Francis Fourcou, producteur et réalisateur de films avec sa société toulousaine Ecran Sud, a tenu à s’exprimer sur la fermeture de TLT qui laisse la ville sans télévision locale. Pour rappel, TLT a été liquidée le 3 juillet dernier par le Tribunal de commerce de Toulouse, après presque 30 ans d’existence. Francis Fourcou écrit à Jean-Jaurès, qui a été élu à la ville de Toulouse en charge de l’instruction publique.
Mon cher Jean,
Te voila exilé sur la montagne Sainte Geneviève. Tu ne peux voir combien ta ville, ta chère ville de Toulouse a changé. Toi, qui en fut le conseiller délégué aux affaires scolaires, toi à qui Toulouse doit le renouveau de son Université, tu serais heureux de l’épanouissement de cet enseignement supérieur pour lequel tu as tant œuvré ! Aujourd’hui plus de 120.000 étudiants parcourent les rues de la cité lui donnant cette vie et cette animation qu’on nous envie. Oui, Toulouse est devenue une ville du savoir et des sciences. L’émancipation par la connaissance, cette idée tu l’as partagée avec beaucoup !
Et, c’est là que le bât blesse, que l’étoile toulousaine pâlit, que Toulouse perd le Nord !
Oui, mon cher Jean, tu ne le croiras pas, mais Toulouse n’a pas de télé ! La Télévision, tu ne l’as pas connue, mais imagine le cinématographe devenu parlant et arrivant dans chaque maison, dispensant savoir et connaissance, partage et citoyenneté… Car, imagine que de ton temps, la Dépêche de Toulouse n’ait pas existé, que tu n’aies pas pu y écrire tes chroniques ! Ah, Toulouse, capitale d’une Région comparable à la Catalogne ou la Belgique, ….. sans journaux, sans théâtre, sans cinématographe… Sans télé !
Cette Ville, longtemps la plus grande ville espagnole hors d’Espagne, cette ville des Europes, des Méditerranées, des langues qui se mélangent avec leurs accents, cette ville de la nouvelle Europe en paix que tu aurais voulu connaître … elle est aujourd’hui coupée de la modernité, d’un des éléments de la Culture, de la connaissance, Toulouse est Sans Télé.
Certains diront tant mieux, hors d’ici boîte à rien, ruine de l’âme, tire-bouchon à cerveaux ! Peut-être, peut-être.
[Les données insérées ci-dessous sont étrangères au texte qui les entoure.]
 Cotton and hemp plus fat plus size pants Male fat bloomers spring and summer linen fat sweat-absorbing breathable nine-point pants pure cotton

Mais si le pire y est quelquefois, le meilleur peut en sortir aussi : la connaissance, la citoyenneté, le partage, la vie, la culture, les artistes, les écrivains, les cinéastes … Oui car, Toulouse a tout cela.
Et bien, tout cela est in-vi-si-ble ! Je te vois scandalisé ! Je te vois incrédule, comment est-ce possible ? Et bien, c’est très simple – C’est l’ignorance la source de cette misère !
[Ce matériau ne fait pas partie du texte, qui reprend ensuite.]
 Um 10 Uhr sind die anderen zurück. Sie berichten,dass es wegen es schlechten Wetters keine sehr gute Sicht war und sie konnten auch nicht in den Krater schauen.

L’ignorance de tout est la source de tout ce mal. Alors, Mon cher Jean, si tu pouvais me faire un petit signe, toi, le citoyen d’Honneur de la Ville, toi à qui on vient enfin de donner le nom à une université, toi, le citoyen du monde, si enraciné, si fort de son Humanité … Peut-être les lignes bougeraient, peut-être demain, nous pourrions imaginer, rêver, penser une télévision locale et citoyenne, au service des citoyens. Une télévision de projets, d’ambition nationale, un canal du savoir dans la ville du quai des savoirs … Un canal ouvert vers la création musicale, un canal des Greniers du théâtre, un canal conservatoire des cinématographies… Un canal des mots dans la ville du Marathon, de la cave des poésies, du Rio Loco, du Forom des langues, de ces populations venues de toute l’Europe, vivre, aimer, grandir ici… Un canal des images et des sons dans la ville de la deuxième cinémathèque de France, des écoles d’audiovisuel, du Château d’eau des images… Un canal école dans la ville du Savoir… Un canal des talents, du sport, de l’économie sociale et solidaire, des solidarités associatives…
Ha, si tout cela arrivait, on te le devrait aussi un peu.
Merci, Jean. Aide nous à rêver encore un peu dans ce monde qui se déchire tant.